Lieve allemaal,
Met regelmaat scroll ik langs de hoogte- en dieptepunten van X. U weet wel, het nieuwe Twitter. Het gezellige blauwe vogeltje is vervangen door een groot kruis, vandaar de naam ‘X’. Mij is nog niet geheel duidelijk of je nu een ‘X-je’ plaatst of dat we het nog steeds hebben over tweets. Maar goed, de hoogte- en dieptepunten zijn vrijwel gelijk gebleven.
Dieptepunten zijn natuurlijk de bizarre haatberichten aan het adres van politici, bekende Nederlanders en eigenlijk iedereen die op enig moment het hoofd iets te ver boven het maaiveld uitsteekt. De ongegeneerde bagger die men loslaat op zo’n medium blijft mij verbazen.
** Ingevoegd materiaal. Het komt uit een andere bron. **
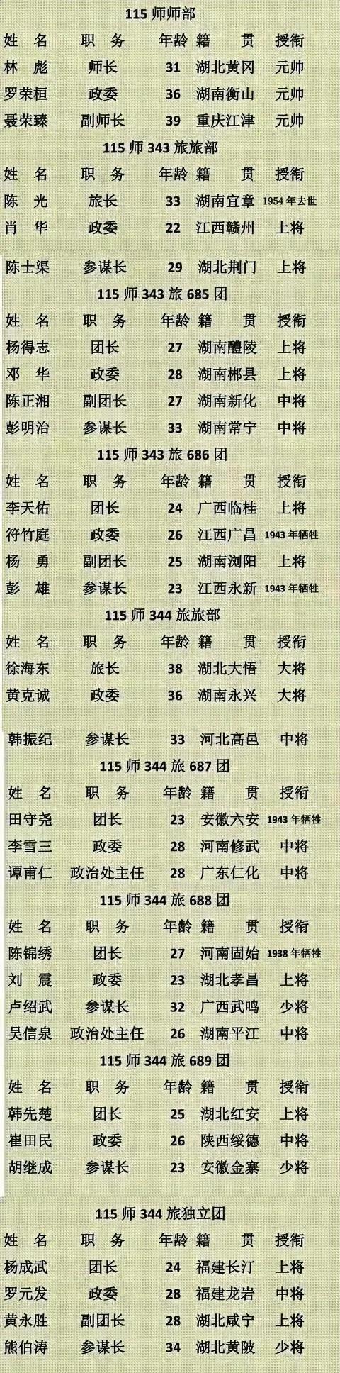 115师成立时,团级以上干部姓名、职务、籍贯、年龄和授衔一览 1937年,红一方面军主力完成整编,正式番号定为八路军第115师,师长林彪,副师长聂荣臻,下辖343旅与344旅。343旅旅长陈光,344旅旅长徐海东。全师官兵1.55万人,编制一成,立即开赴华北战场。 整编完成不过数周,115师就迎来了第一场硬仗。 1937年9月,日军第5师团(板垣征四郎部)长驱直入,目标直指山西腹地的平型关。晋绥军在正面扛得十分吃力,战局危急。 中央军委命令林彪率115师主力进入平型关一线,寻机打击日军侧翼。林彪和聂荣臻亲赴前线勘察,在平型关东北方向找到了一条叫乔沟的古道,两侧是壁立的山崖,狭窄绵长,只要把日军引进来,首尾就无法呼应。 9月24日夜,115师主力冒着大雨,悄悄进入伏击阵地。陈光率343旅下辖685团、686团占据两侧高地,各部严令无令不得开枪。 9月25日清晨,日军第21旅团一部连带大批辎重车队鱼贯而入。等车队完全进入乔沟,林彪下令开火。日军顿时陷入混乱,车队堵死了退路,前后无法支援。 115师官兵从高处俯冲而下,刺刀见红。这一仗打了整整一天,歼灭日军逾千人,击毁车辆数百辆,缴获物资堆满了山沟。 平型关之后,115师声名大震,但这支部队随即遭遇了一次意想不到的变故,几乎让整个指挥体系陷入瘫痪。 1938年3月初,115师师部转移至山西大宁县一带。那几天山里大雾,能见度极差。林彪一早出门勘察地形,身上穿着缴获来的日军将官呢子大衣,骑的是一匹高大的日本洋马。 国民党晋绥军第19军王靖国部的一个哨兵远远看见一骑高马、穿日军军服的人影在雾中缓缓靠近,来不及辨认,直接扣动了扳机。子弹打中林彪右腋,贯穿背部,伤及脊髓神经。 林彪落马,伤势极重。 晋绥军查清真相后急忙致歉,但林彪已经无法继续指挥作战。伤愈后,林彪辗转回延安,随后被送往苏联莫斯科疗养,一去就是数年。 115师主官位置空了出来,中央军委随即任命陈光代理师长,与政委罗荣桓搭档,主持全师军务。 陈光接手之后,局面并不轻松。1938年底,毛泽东在六届六中全会上明确提出要派兵进山东,在日军后方建立根据地。 1939年初,陈光与罗荣桓率师部及主力部队渡过黄河,悄然进入山东泰安、肥城一带。 日军第12军发现八路军主力进入山东腹地,调集第114师团等部共八千余人,携带炮车坦克,向泰西地区合围而来。 1939年5月11日,陈光所率的师部、686团(团长杨勇)、津浦支队及地方机关干部,共计三千余人,被日军团团困在肥城以南的陆房村。 陆房四面环丘,地形对被包围一方极为不利。 陈光站在山包上扫了一眼地形,当机立断,令686团抢占肥猪山和岈山两处制高点。 日军当天发起了十多次集团冲锋,炮弹把山头炸得碎石横飞,阵地几度告急,官兵用刺刀顶住了一波又一波的进攻。僵持到黄昏,日军伤亡已逾千人,攻势渐缓。

Er staan gelukkig heel veel hoogtepunten tegenover. Gevatte tweets over de combinatie van kerst en schoonmoeders, opinies over echt alles, maar een van de meest geliefde onderwerpen blijft toch voetbal. De snelheid waarmee nieuws tot je komt, de eeuwig lieve mensen die iedereen een fijne dag wensen. En dan hebben we nog de real life strubbelingen van Jan en alleman over ouderschap, stoppen met roken, afvallen, de sportschool en wat dies meer zij.
Laatst kwam ik een pareltje in een tweet (of is het toch een ‘X-je’?) van The New York Times tegen. Een gedichtje van Danusha Laméris genaamd Small Kindnesses. Ze schrijft over de kleine vriendelijkheden van alledag die we soms tegenkomen. Mensen die hun benen intrekken als je ze passeert in een druk gangpad. Iemand die je helpt je fruit op te rapen als je boodschappentas is gevallen. Want, zo schrijft Danusha, over het algemeen willen we elkaar geen kwaad doen. De momenten waarop we contact maken met elkaar duren kort. Wat nou als we met iedere kleine vriendelijkheid (“neemt u mijn plaats maar” of “gaat u voor”) een soort vluchtige tempel creëren waarin de heilige mens in ons verblijft? En met ’heilige mens’ bedoelt de schrijfster niet de religieuze variant maar de oprechte, diepe vriendelijkheid die ieder van ons in zich heeft.
Ik denk dat Danusha gelijk heeft. Tenminste, zo ervaar ik dat in Loon op Zand. Voor een ander klaarstaan, aardig zijn, begrip tonen, saamhorigheid. Ik geniet er iedere dag weer van. Dus dat wens ik ons allemaal toe voor 2024. Natuurlijk gezondheid, geluk, veel liefde. En small kindnesses. Want daar gaat het tenslotte om in ons korte contact met elkaar. Vriendelijkheid.
Met vriendelijke groet,
Hanne van Aart
Small Kindnesses
By Danusha Laméris
I’ve been thinking about the way, when you walk
down a crowded aisle, people pull in their legs
to let you by. Or how strangers still say ”bless you”
when someone sneezes, a leftover
from the Bubonic plague. “Don’t die,” we are saying.
And sometimes, when you spill lemons
from your grocery bag, someone else will help you
pick them up. Mostly, we don’t want to harm each other.
We want to be handed our cup of coffee hot,
and to say thank you to the person handing it. To smile
at them and for them to smile back. For the waitress
to call us honey when she sets down the bowl of clam chowder,
and for the driver in the red pick-up truck to let us pass.
We have so little of each other, now. So far
from tribe and fire. Only these brief moments of exchange.
What if they are the true dwelling of the holy, these
fleeting temples we make together when we say, “Here,
have my seat,” “Go ahead — you first,” “I like your hat.”